:: DATA SECTION ::
-------------------------

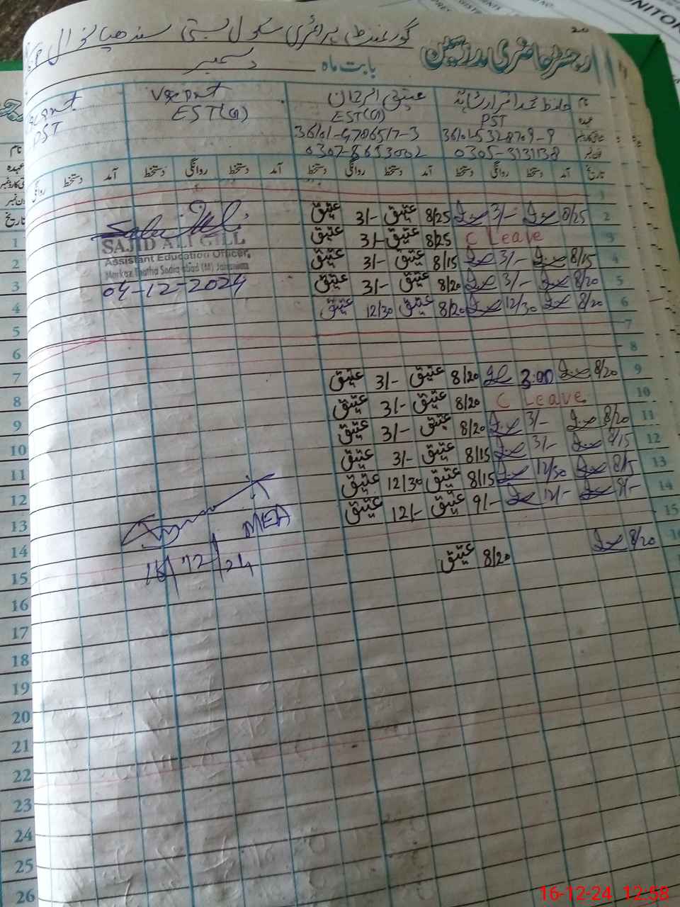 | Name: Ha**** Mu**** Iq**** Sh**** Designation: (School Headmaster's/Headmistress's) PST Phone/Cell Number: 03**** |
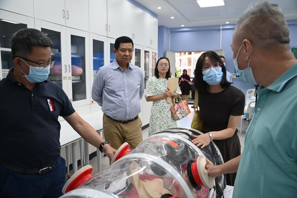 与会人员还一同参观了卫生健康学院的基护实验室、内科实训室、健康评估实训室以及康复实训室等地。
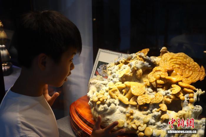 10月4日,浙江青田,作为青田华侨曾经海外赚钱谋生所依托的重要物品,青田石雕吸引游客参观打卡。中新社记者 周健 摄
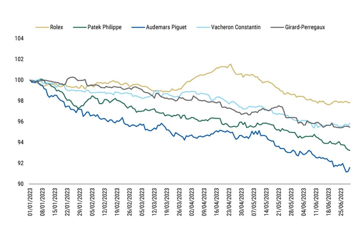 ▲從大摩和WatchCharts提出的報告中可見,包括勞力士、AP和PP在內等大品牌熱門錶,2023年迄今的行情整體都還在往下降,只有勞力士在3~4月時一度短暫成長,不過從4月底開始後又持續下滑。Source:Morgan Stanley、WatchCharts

-------------------------

:: PROBLEM REQUIREMENTS ::
All of the data must be set down exactly, with no pictures included.

:: TASK RESPONSE ::
 | Name: Ha**** Mu**** Iq**** Sh**** Designation: (School Headmaster's/Headmistress's) PST Phone/Cell Number: 03**** |
 与会人员还一同参观了卫生健康学院的基护实验室、内科实训室、健康评估实训室以及康复实训室等地。
 10月4日,浙江青田,作为青田华侨曾经海外赚钱谋生所依托的重要物品,青田石雕吸引游客参观打卡。中新社记者 周健 摄
 ▲從大摩和WatchCharts提出的報告中可見,包括勞力士、AP和PP在內等大品牌熱門錶,2023年迄今的行情整體都還在往下降,只有勞力士在3~4月時一度短暫成長,不過從4月底開始後又持續下滑。Source:Morgan Stanley、WatchCharts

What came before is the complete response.